The number of IT based security threats is growing as cyber criminals attack businesses to access confidential information and intellectual property. Symantec estimates that last year 285 million records were stolen with IT theft costing companies about USD$600 million globally. Locally, Symantec estimates IT theft costs Australian companies AU$1 billion.
With a new security threats emerging every day, keeping computer networks safe and security measures up-to- date should be a priority for any business. But with around 46 percent of SMEs operating without dedicated IT staff, understanding the possible threats and having the ability to protect computer systems can be challenging.
The IT threat landscape has changed dramatically over the past few years. Today, attacks have become far more sophisticated and stealthy, targeting specific SMEs to reap financial gain. In fact, a recent Washington Post article cited that organised cyber-gangs in Eastern Europe are increasingly preying on small and mid-size companies in the United States to steal the banking credentials of small and mid-sized businesses. Given the internet has no boundaries, it won’t be long before Australian SMEs become a target for these cyber-gangs.
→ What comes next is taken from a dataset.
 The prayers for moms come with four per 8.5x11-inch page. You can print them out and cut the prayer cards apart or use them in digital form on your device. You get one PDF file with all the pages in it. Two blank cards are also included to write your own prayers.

So how can small businesses understand and protect themselves against these threats?
Understanding the threat landscape
Cyber criminals use software known as ‘malware’ to infiltrate or damage a business’ IT network without the business’ knowledge. Malware attacks have become increasingly subtle as new variants are developed. The worry for many small businesses is working out how to avoid these threats, which is not an easy task when detection is often difficult.
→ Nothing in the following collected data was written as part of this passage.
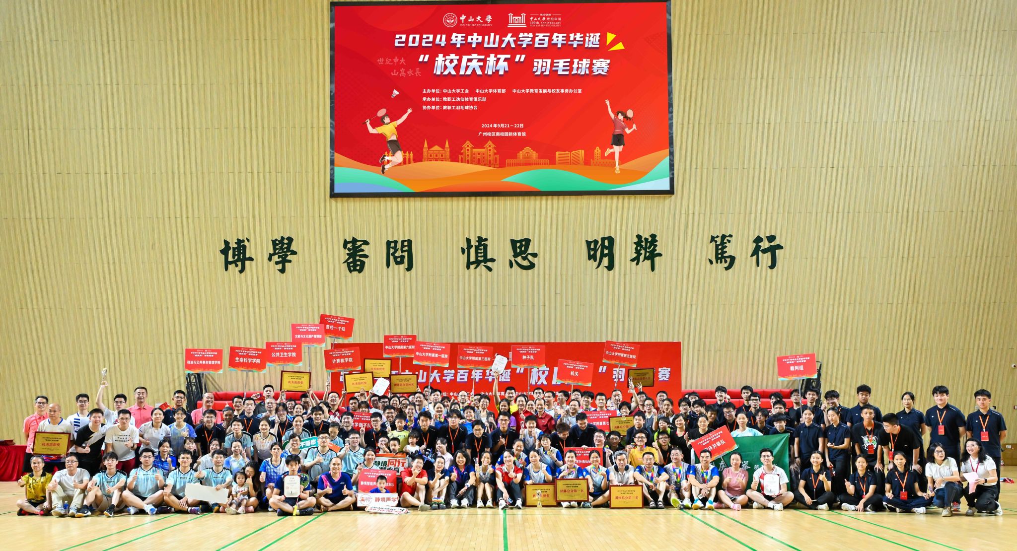 比赛于9月21日上午在南校园新体育馆开赛,9月22日晚7时整举行闭幕式暨颁奖仪式。校党委副书记、工会主席国亚萍,校工会常务副主席许东黎,体育部党委书记凌春贤,医学部副主任龙波,教育发展与校友事务办公室副主任邢怡媛,体育部副主任张新萍、杨波、副书记仇亚宾,雅典奥运会羽毛球女双冠军、体育部张洁雯副教授,校工会副主席胡海燕、关键等领导和嘉宾出席闭幕式。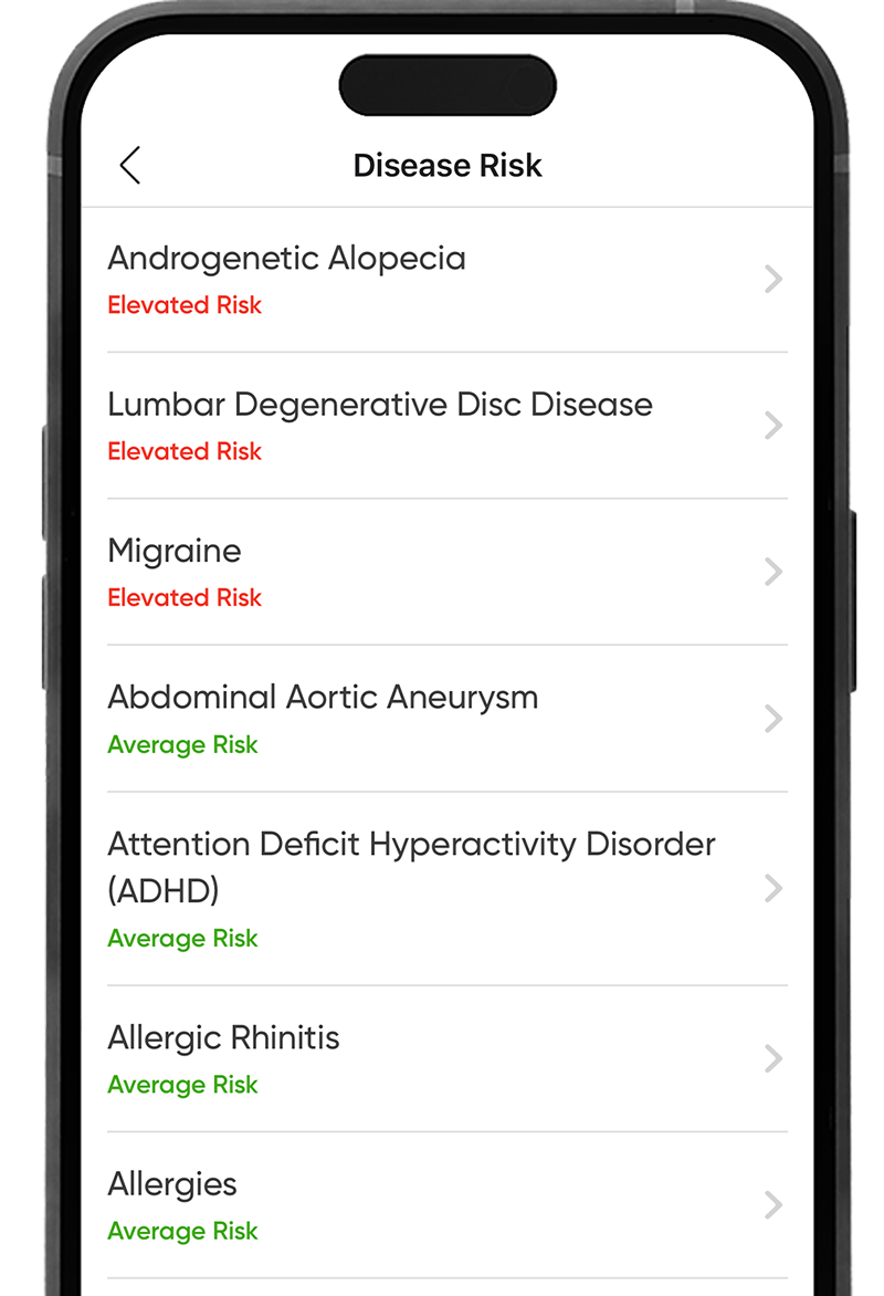 Forewarned is forearmed. Identify predispositions to serious conditions and take science-backed steps to reduce risks before they arise.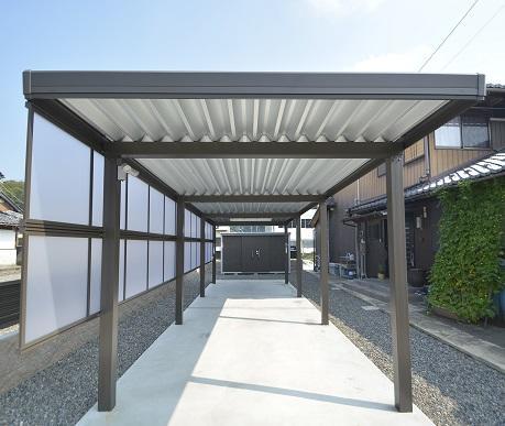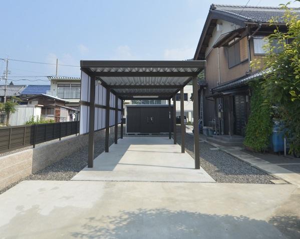 使用していない建物とブロック塀を解体し、更地にした後、カーポート、物置、フェンスを設置しました。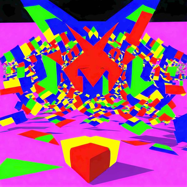 これらの画像は通常の AI アートとはちがう独自の方法を使って作っています. AI アートは AI にプロンプト (または呪文) とよばれる英語の記述をあたえて作画した画像ですが, Stable Diffusion,DALL・E 2,Midjourney などの AI プログラムによって 2022 年に爆発的に普及しました. AI アートで望む画像を作るために通常は比較的細かい指示を与えます. しかしデイシンではおもに 1〜4 語程度の短いことばや造語を Stable Diffusion XL 1.0 (1024) を使用している OpenArt,NightCafe などのウェブサイトで使用して,そのプログラムがもつ知識をいかして自由に (ジェネラティブに,創発的に) 画像をつくらせています. コントラストの調整等はしていますが,描きなおさせたり加筆したりするようなことはしていません.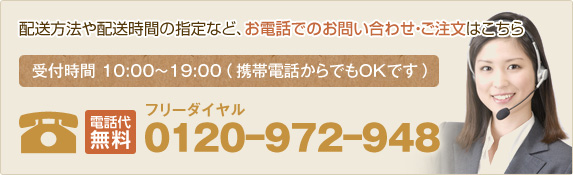 配送の件など、ご質問に関しては【電話代無料】の0120-972-948まで

There has been an explosion of new malware variants that have prevailed this year alone, with the vast majority of threats being delivered by the internet in the form of malicious code attacks. The most threatening form of maliciously-coded websites are those designed to steal confidential information such as passwords or customer credit cards details.
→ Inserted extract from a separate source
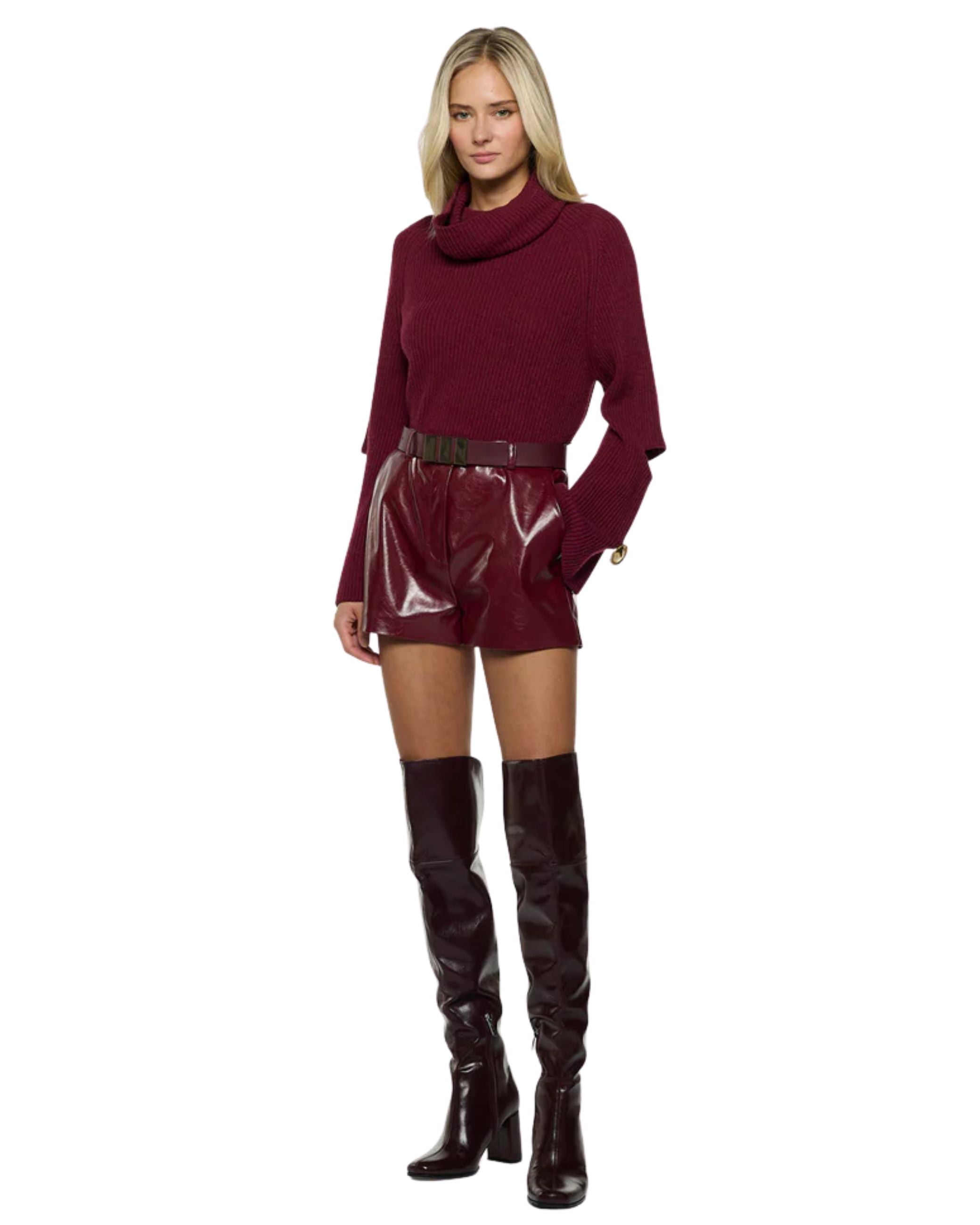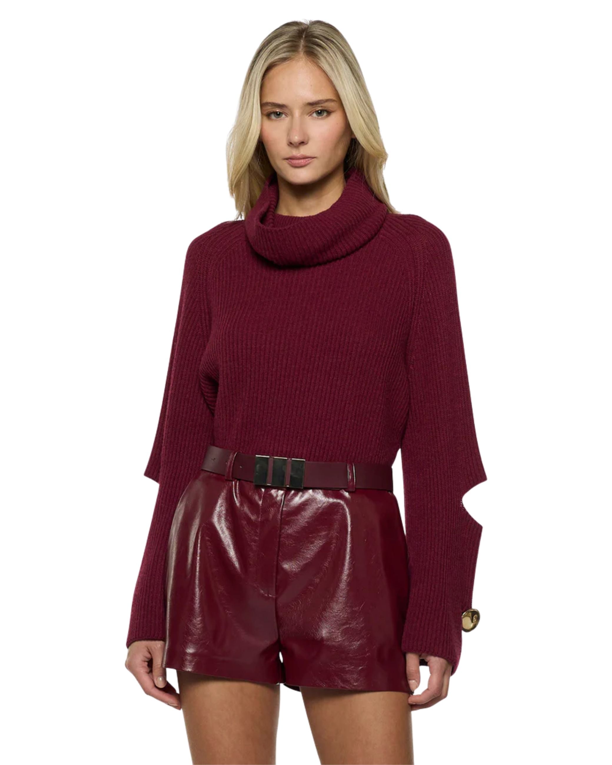 Maglia della nuova collezione fall winter 25/26 di Simona Corsellini realizzata in misto lana con collo alto e morbido, lavorazione a costine, maniche lunghe con aperture sui gomiti.

The easiest way for malware to get into companies’ IT systems is through users clicking on unknown links from websites or spam emails and inadvertently downloading infected files. Once the recipient clicks on the link or opens the attachment, malware is downloaded and the fraudster has unlimited access to the businesses computer network.
‘Phishing’ is another illegal activity designed to trick people into divulging sensitive information. Phishers use spam, malicious Web sites, email messages and instant messages to trick people into divulging sensitive business information such as corporate passwords and customer records. With phishing attacks becoming commonplace, protecting confidential details is becoming increasingly difficult for business owners. Computers and personal mobile devices are connected in wider online networks, providing more opportunities for data to be attacked.